## REQUIREMENT
Below are some entries. Repeat exactly the lines from the one with "Lack of wayfinding" through the one with "Kathy Ellis* $1,145,000 10-291-91 W2004618", and only those.

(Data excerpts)
.....
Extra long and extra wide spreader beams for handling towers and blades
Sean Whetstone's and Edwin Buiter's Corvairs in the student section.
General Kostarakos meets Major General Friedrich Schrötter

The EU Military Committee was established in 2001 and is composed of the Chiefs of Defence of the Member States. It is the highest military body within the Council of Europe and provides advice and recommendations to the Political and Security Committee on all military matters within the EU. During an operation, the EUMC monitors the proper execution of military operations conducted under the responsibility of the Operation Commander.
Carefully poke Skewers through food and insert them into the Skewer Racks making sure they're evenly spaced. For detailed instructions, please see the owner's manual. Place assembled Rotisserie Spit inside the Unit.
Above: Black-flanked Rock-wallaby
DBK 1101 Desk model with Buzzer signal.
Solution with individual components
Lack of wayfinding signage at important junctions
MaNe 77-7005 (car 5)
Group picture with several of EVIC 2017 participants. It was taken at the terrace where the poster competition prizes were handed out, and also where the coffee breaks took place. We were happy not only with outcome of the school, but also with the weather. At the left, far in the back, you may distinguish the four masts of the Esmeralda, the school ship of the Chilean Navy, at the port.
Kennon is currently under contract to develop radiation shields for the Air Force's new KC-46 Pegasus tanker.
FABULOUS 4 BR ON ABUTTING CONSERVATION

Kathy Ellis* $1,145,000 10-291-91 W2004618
.....
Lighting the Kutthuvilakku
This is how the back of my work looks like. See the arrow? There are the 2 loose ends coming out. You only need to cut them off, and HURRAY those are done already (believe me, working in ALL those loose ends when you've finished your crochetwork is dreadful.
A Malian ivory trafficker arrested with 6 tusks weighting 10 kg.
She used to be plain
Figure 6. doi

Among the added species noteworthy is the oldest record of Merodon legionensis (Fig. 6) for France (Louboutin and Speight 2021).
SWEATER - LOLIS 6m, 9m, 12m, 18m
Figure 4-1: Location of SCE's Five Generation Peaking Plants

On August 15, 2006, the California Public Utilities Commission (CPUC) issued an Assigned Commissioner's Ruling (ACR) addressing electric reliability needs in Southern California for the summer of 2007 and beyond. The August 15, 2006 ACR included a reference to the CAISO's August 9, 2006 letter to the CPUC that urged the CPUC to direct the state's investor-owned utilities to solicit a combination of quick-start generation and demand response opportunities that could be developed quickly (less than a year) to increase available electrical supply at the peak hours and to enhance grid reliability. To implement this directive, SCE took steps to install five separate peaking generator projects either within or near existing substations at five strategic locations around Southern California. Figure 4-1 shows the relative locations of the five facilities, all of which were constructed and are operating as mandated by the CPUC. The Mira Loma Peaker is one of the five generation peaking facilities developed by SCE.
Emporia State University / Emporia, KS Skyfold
.....
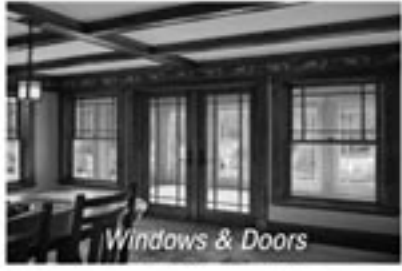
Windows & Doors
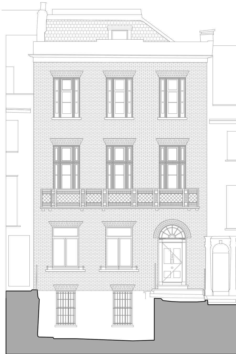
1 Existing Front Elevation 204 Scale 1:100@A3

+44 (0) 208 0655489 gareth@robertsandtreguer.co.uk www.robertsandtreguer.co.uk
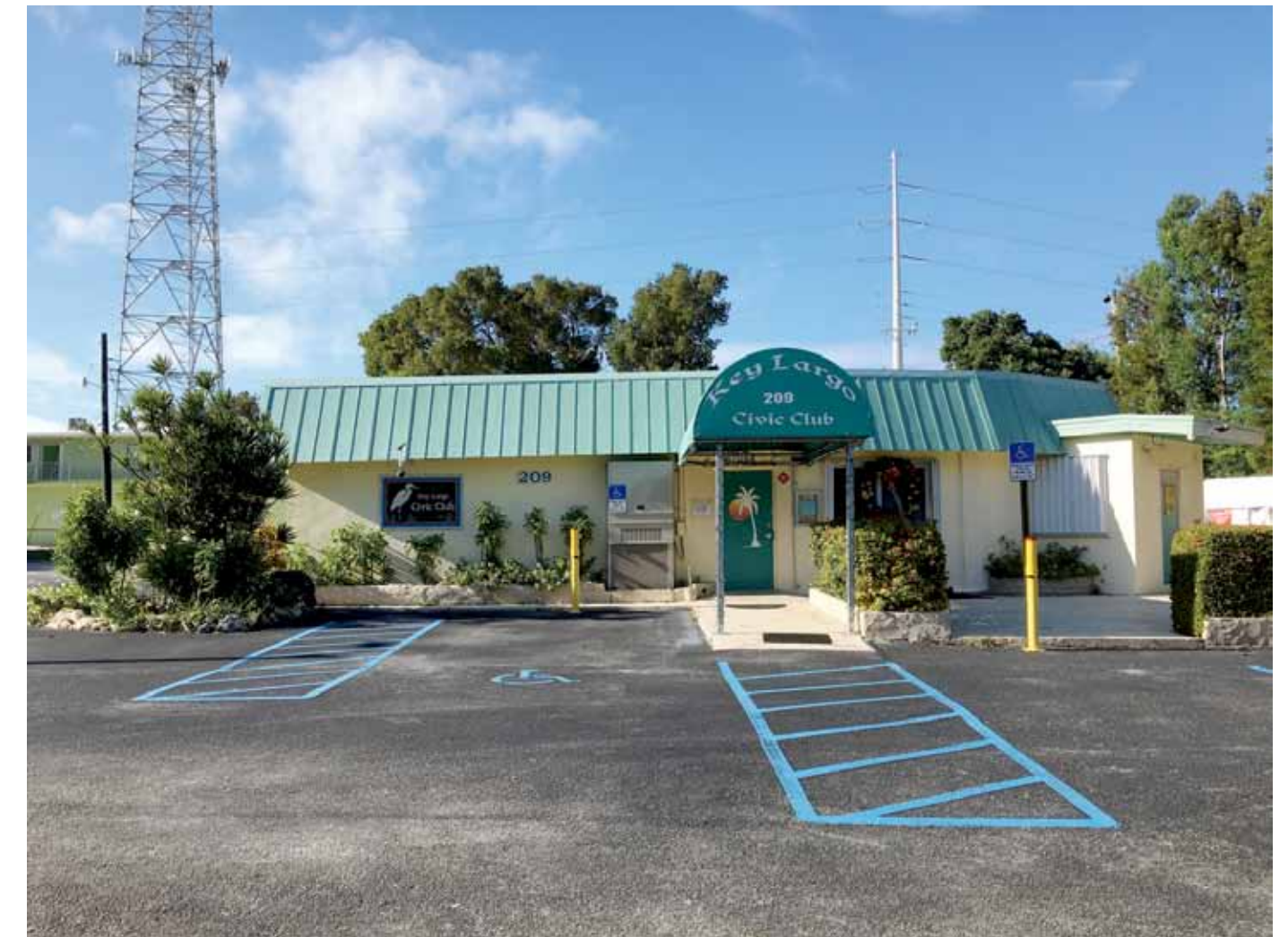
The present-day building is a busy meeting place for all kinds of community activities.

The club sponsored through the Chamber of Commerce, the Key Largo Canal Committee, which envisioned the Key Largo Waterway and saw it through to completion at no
.....
## SOLUTION TO THIS TASK
Lack of wayfinding signage at important junctions
MaNe 77-7005 (car 5)
Group picture with several of EVIC 2017 participants. It was taken at the terrace where the poster competition prizes were handed out, and also where the coffee breaks took place. We were happy not only with outcome of the school, but also with the weather. At the left, far in the back, you may distinguish the four masts of the Esmeralda, the school ship of the Chilean Navy, at the port.
Kennon is currently under contract to develop radiation shields for the Air Force's new KC-46 Pegasus tanker.
FABULOUS 4 BR ON ABUTTING CONSERVATION

Kathy Ellis* $1,145,000 10-291-91 W2004618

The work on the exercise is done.